L’emblématique marque de pastis reste à la fois la fierté de la famille et l’une de ses plus grandes déceptions. Les efforts menés pour faire apprécier l’anis hors de l’Hexagone ont été vains. Sauf en Belgique ainsi qu’aux frontières avec l’Espagne et l’Italie pour des raisons fiscales. « J’aurais aimé faire de Ricard un Absolut français mais le goût ne passe pas », regrette le fils de l’inventeur du « jaune ». Pas de regret en revanche pour le vin tranquille français, délaissé alors que des investissements ont été réalisés en Australie, en Nouvelle Zélande et en Argentine. Le bordeaux, le bourgogne ou le vin de pays d’Oc, n’ont jamais été son cheval de bataille. Faute d’une rentabilité suffisante...

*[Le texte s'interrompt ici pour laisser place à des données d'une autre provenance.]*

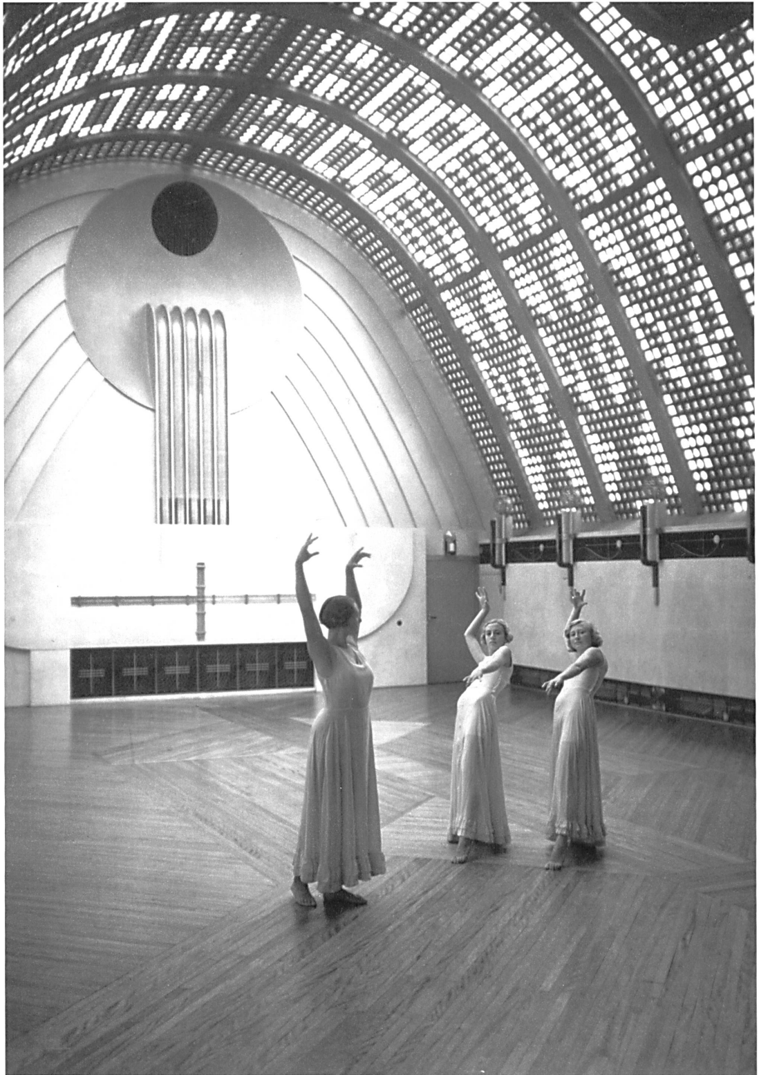
Abb. 4: Bernhard Hoetger, Himmelsaal des Atlantishauses in Bremen (mit Ausdruckstänzerinnen), um 1930.
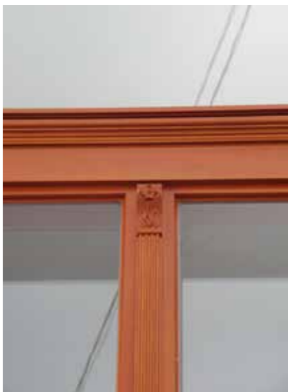
▲ ▼ Homlokzati nyílászárók részleteképzése
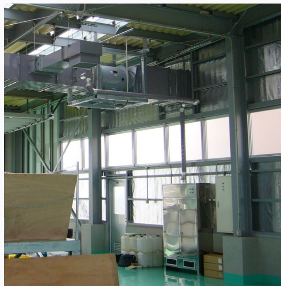
中和消臭器 VFD-SRX シリーズ

液体肥料製造装置の排気ダクトに消臭剤を混入し、生ゴミ臭と反応させます。何種類かある消臭剤の内、発酵臭に効果的なストロングブレンドを選定。臭気の強さに合わせて、消臭剤の発散量も切り替え運転しています。
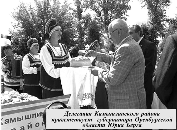
Делегация Камышлинского района приветствует губернатора Оренбургской области Юрия Берга

С самого утра здесь проходили праздничные народные гулянья, призванные привлечь внимание к здоровому образу жизни и чайным традициям разных народов. Программа фестиваля была разнообразна. Кроме непосредственно чаепития со сладостями
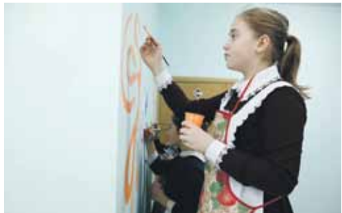
Ученики Степнянской школы сами разукрашивают стены
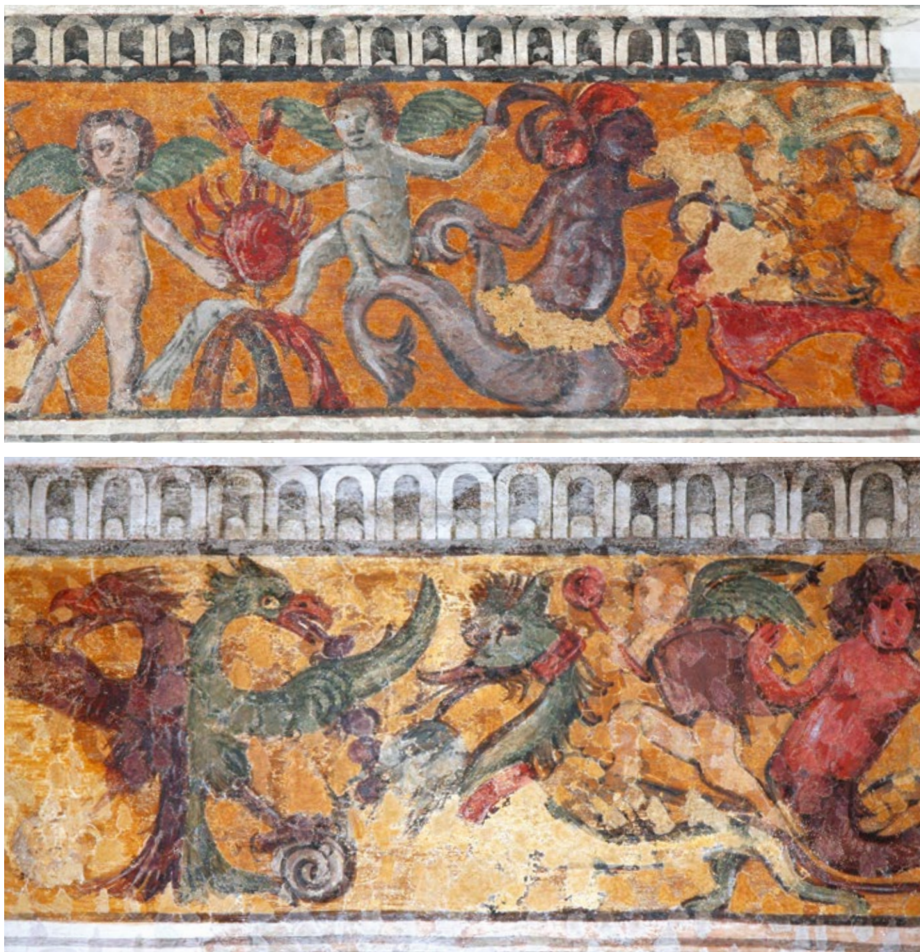
19. Oslikana bordura ispod stropa salona na prvom katu palače, detalji

Painted bordure under the ceiling of the salon on the first floor of the palace, details

Si ce Marseillais d’origine aime toujours se montrer un verre de pastis à la main, appréciant le côté populaire du produit, cela n’empêche pas le groupe de s’embourgeoiser. Le nouveau slogan de Pernod Ricard, « Luxe en bouteille », est évocateur. A mille lieux de l’ambiance des bistrots de la Cannebière, Patrick Ricard a lancé au printemps dernier la cuvée de champagne la plus chère du monde. Du Perrier-Jouët « sur mesure » à 4 000 € le flacon ! Pour l’occasion, l’opéra Garnier avait été réservé. Et quand on lui parle d’inflation excessive sur les fines bulles, Patrick Ricard a la parade. « Il est au contraire dommage de voir encore du champagne vendu très peu cher alors qu’il est possible de le valoriser beaucoup mieux » .

Le « patron européen de l’année 2006 », selon le magazine américain Fortune, et Commandeur de la Légion d’Honneur prend ce mois-ci une retraite méritée. Il restera toutefois président du conseil d’administration pour une durée non précisée. Déchargé de l’opérationnel, il pourra aménager une transition et porter un regard avisé, « même si je ne m’exprimerai plus au nom de la société », précise-t-il. Si l’avenir du groupe s’inscrit avec Pierre Pringuet, la famille fondatrice n’est pas exclue. Son fils Paul-Charles pourrait un jour prendre les commandes. « Pour me succéder, il ne faudrait pas que le nom Ricard soit pénalisant », aime répéter Patrick Ricard. Car cet amateur d’art et de chasse aime aussi plaisanter.